When a logical drive is deleted properly, this user information is erased and the drive status is shown as FRMT rather than USED. A drive with FRMT status has been formatted with either 64 KB or 256 MB of reserved space for storing controller-specific information, but has no user data on it.

If you remove the reserved space using the "view and edit Drives" menu, the drive status changes to NEW.

To replace BAD drives, or if two drives show BAD and MISSING status, refer to the Sun StorEdge 3000 Family Installation, Operation and Service Manual for your array.

Note - If a drive is installed but not listed, the drive might be defective or installed incorrectly.

Note - When power is turned on, the controller scans all physical drives that are connected through the drive channels. If a physical drive is connected after a Sun StorEdge 3310 SCSI controller or Sun StorEdge 3320 SCSI controller completes initialization, use the "Scan scsi drive" menu option ("view and edit Drives Scan scsi drive") to let the controller recognize the newly added physical drive so you can configure it as a member of a logical drive or as a spare drive.

Channel Status Table

To check and configure channels, from the Main Menu, choose "view and edit channelS," and press Return.
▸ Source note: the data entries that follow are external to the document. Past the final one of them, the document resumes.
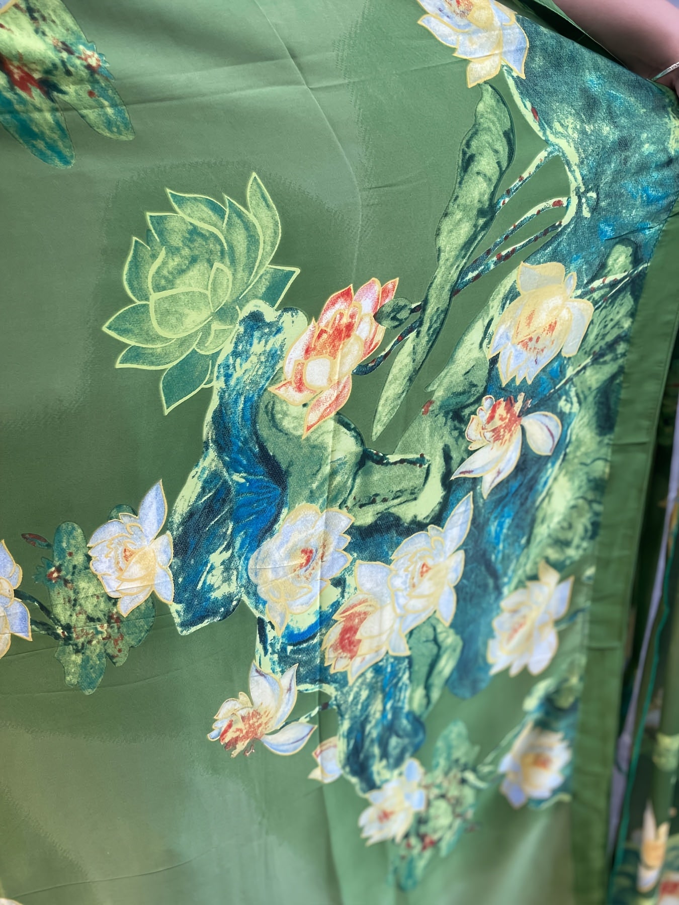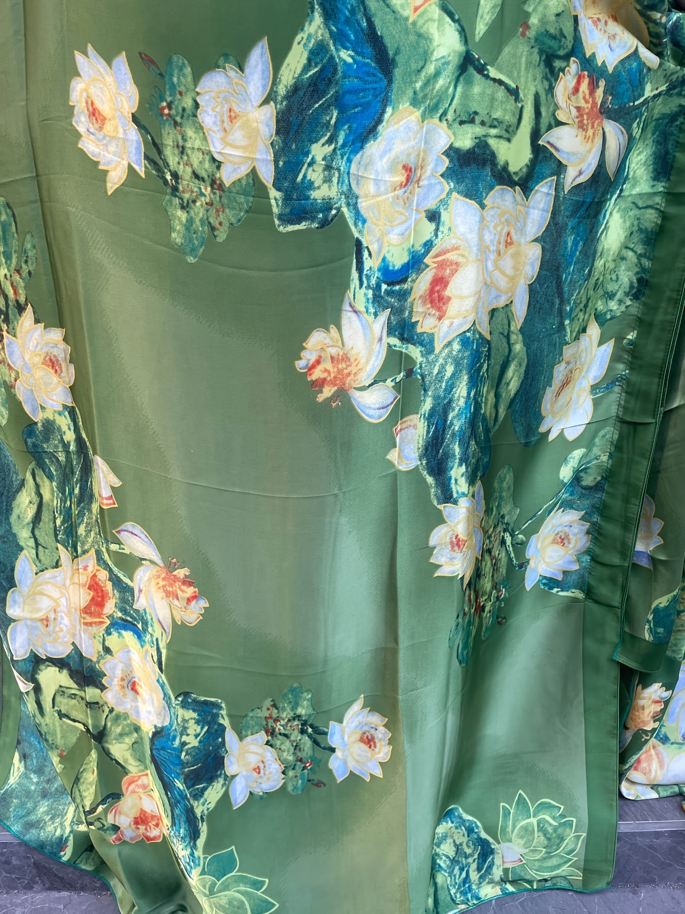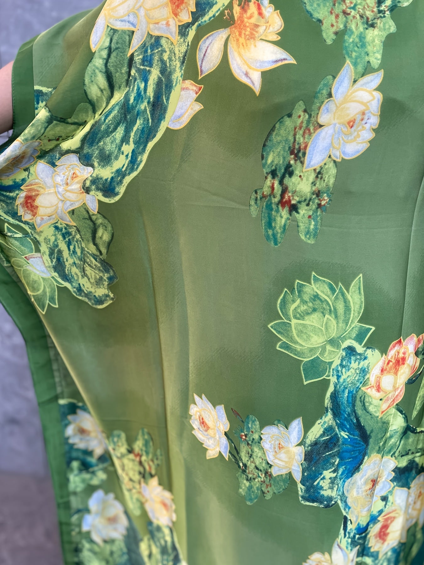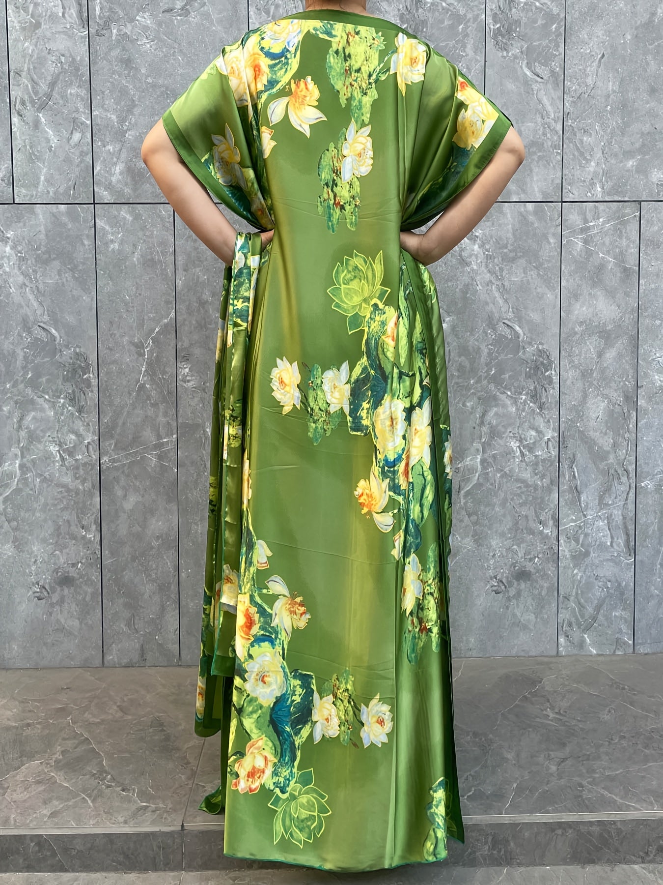 Plus o'lchamli O'rta Sharq an'anaviy kiyimlari gul bilan maxi kiyingan boshbog'li
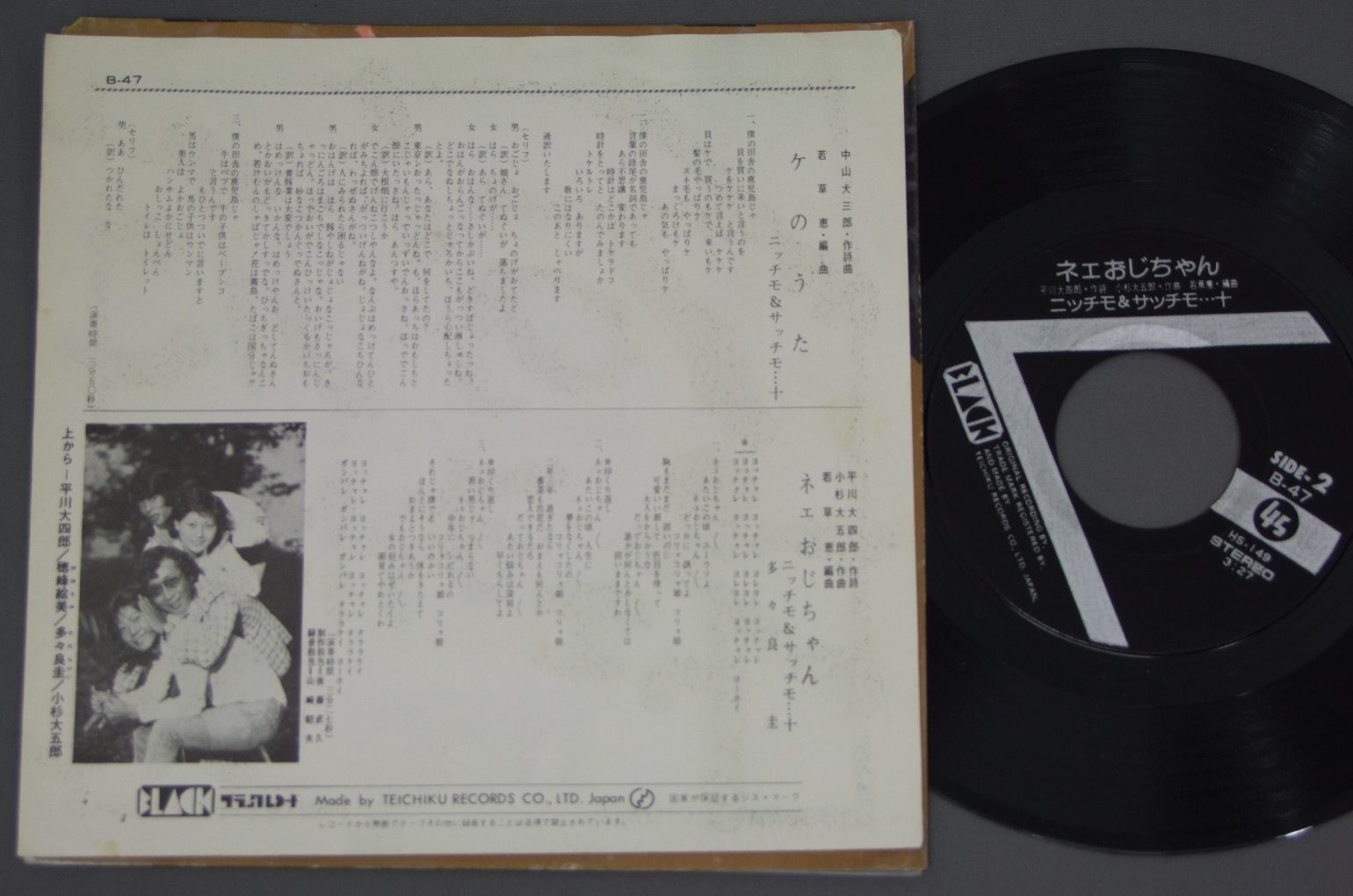 ニッチモ&サッチモ/ケのうた B-47 製造国:日本盤 / Media:7inch外観:EX盤の状態:EX 価格(税込):¥660(売約済) 送料 7inch:定形外郵便 360円~LP:定形外郵便 660円~送料は、注文の最終画面で確認頂けます。 > > / 外観 (EX)特記事項:右下にホッチキス穴外観EXの共通説明:ダメージが限定的。中古品としては保存状態がよい方。シミ、ヨゴレ、スレ 少し~軽度。 盤の状態 (EX)特記事項:薄いスリキズ・スレ軽くある感じ。一見してきれいな印象です。盤EXの共通説明:盤面のスリキズが薄いものが少し~軽度 音に出そうなものは無いように見える(軽微なソフトティック音は除く)。 その他:※画像では確認できない、上下ヘリ、背表紙、取り出し口を中心に状態表記しております。画像で確認出来る表裏ジャケ、レーベルの状態表記は省いている場合がありますので、そちらの状態は画像でご確認をお願い致します。携帯の方は一度PC等で写真をご確認の上ご入札下さいますよう、お願い申し上げます。 Tweet それぞれの画像をクリックすると、大きい写真が見られます こちらの商品もお勧めです 880円 TULIPチューリップ / LOVE MAP SHOPラヴ・マップ・ショップ 990円 DR. RIVERBEACH & HIS ORCHESTRA / GOOD-BYE SONG BOOK 770円 GO OHGAMI大神剛 / SLEEPING THE TOWN 660円 MASAMICHI SUGI杉真理 / MISTONEミストーン 770円 VARIOUS JAPANESE POPSキング・レコード邦楽 / NOW HIT NOW ( NOW - サルビアの花)ナウ・ヒット・ナウ ( NOW - サルビアの花 収録) 770円 KOJI KIKKAWA吉川晃司 / INNOCENT SKYイノセント スカイ 770円 HAJIME TACHIBANA立花はじめ / MR. TECHIE & MISS KIPPLE 2,200円 TERUHIKO SAIGO西郷輝彦 / HIT PARADOヒット・パレード 君だけを
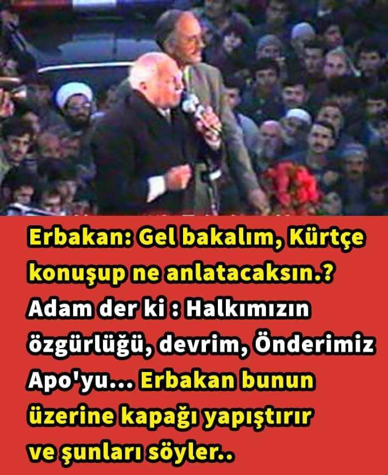 Gel bakalım, Kürtçe konuşup ne anlatacaksın.? Der ki : Halkımızın özgürlüğü, devrim, Önderimiz Apo.. Erbakan tamam, yeterli der. Sen değil Kürtçe, Türkçe de konuşsan gafilsin, zarardasın. Ve döner yanındaki Kürt korumasına sorar; sen anlat bakalım, Kürtçe konuşsan bu millete ne anlatırsın? Koruma cevap verir : Al’lah, Pey’gamber, İ’ttihad, Ad’alet, Ah’lâk.. Erbakan tamam der, sen değil Kürtçe ve Türkçe, İbranice de konuşsan başımın tacısınErbakan hocanın bu anısından anlayacağımız üzere insanın konuştuğu dil veya ırk hiçbir şeyi fark etmiyor. Önemli olan burada insanın yönelmiş olduğu taraftır. Bu yazımızda asla hiçbir dil veya ırka mensup kişilere hakaret amaçlı bir içerik yoktur. Sadece Necmettin Erbakan’ın bu hikayesi oldukça hoşumuza gitmiş ve sizinle paylaşmak istedikErbakan hocanın bu anısından anlayacağımız üzere insanın konuştuğu dil veya ırk hiçbir şeyi fark etmiyor. Önemli olan burada insanın yönelmiş olduğu taraftır. Bu yazımızda asla hiçbir dil veya ırka mensup kişilere hakaret amaçlı bir içerik yoktur. Sadece Necmettin Erbakan’ın bu hikayesi oldukça hoşumuza gitmiş ve sizinle paylaşmak istedik
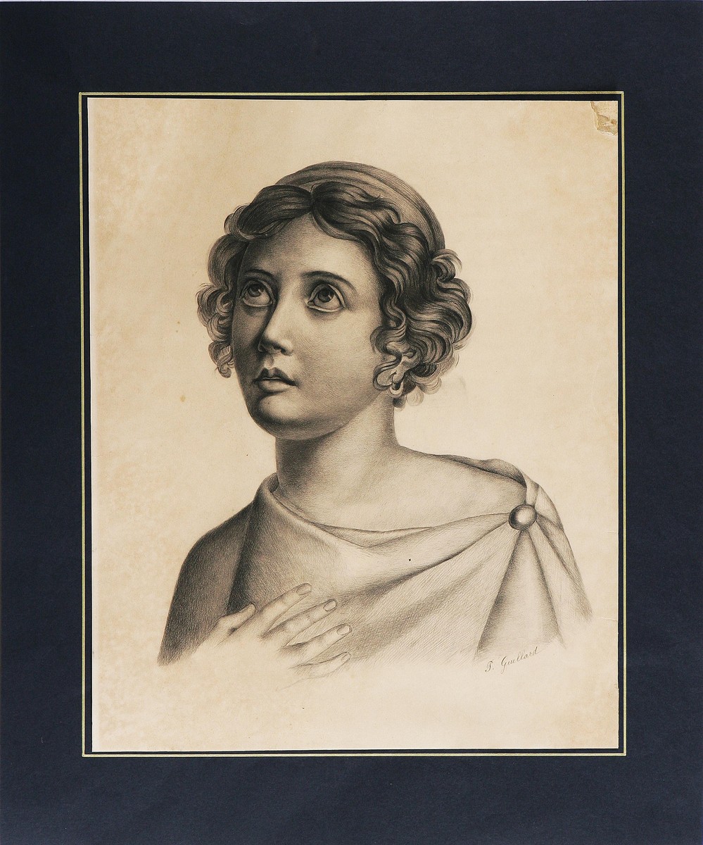 GUILLARD P. Busto di giovane donna. Matita su cartoncino. Cm 37,2x46. P....
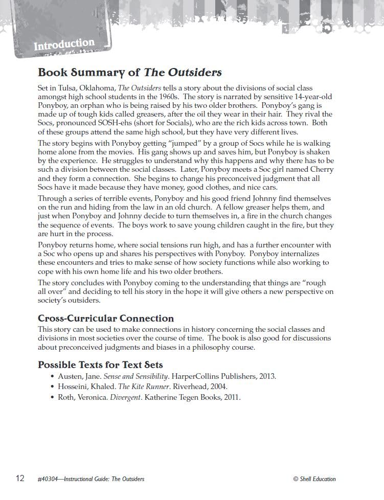 Encourage students to make connections in history while becoming familiar with this wellknown novel by implementing The Outsiders: An Instructional Guide for Literature. These engaging, rigorous lessons and activities work in conjunction with the text to teach students how to analyze and comprehend rich, complex literature. Students will learn how to analyze story elements in multiple ways, practice close reading and textbased vocabulary, determine meaning through textdependent questions, and more.

The Channel Status table is displayed with the status of all channels on the array.

Screen capture shows the status of all channels on the array.

Note - Each controller has an RS232 port and an Ethernet port. This architecture ensures continuous access for communication should either controller fail. Since the connection is established with only one controller at a time, even when the array is in redundant mode, the CurSyncClk and CurWid settings are displayed only for the connected controller. Therefore, if a user maps one LUN to the primary controller, and another LUN to a secondary controller, only the LUN mapped with the currently connected controller is displayed through the serial and Ethernet port.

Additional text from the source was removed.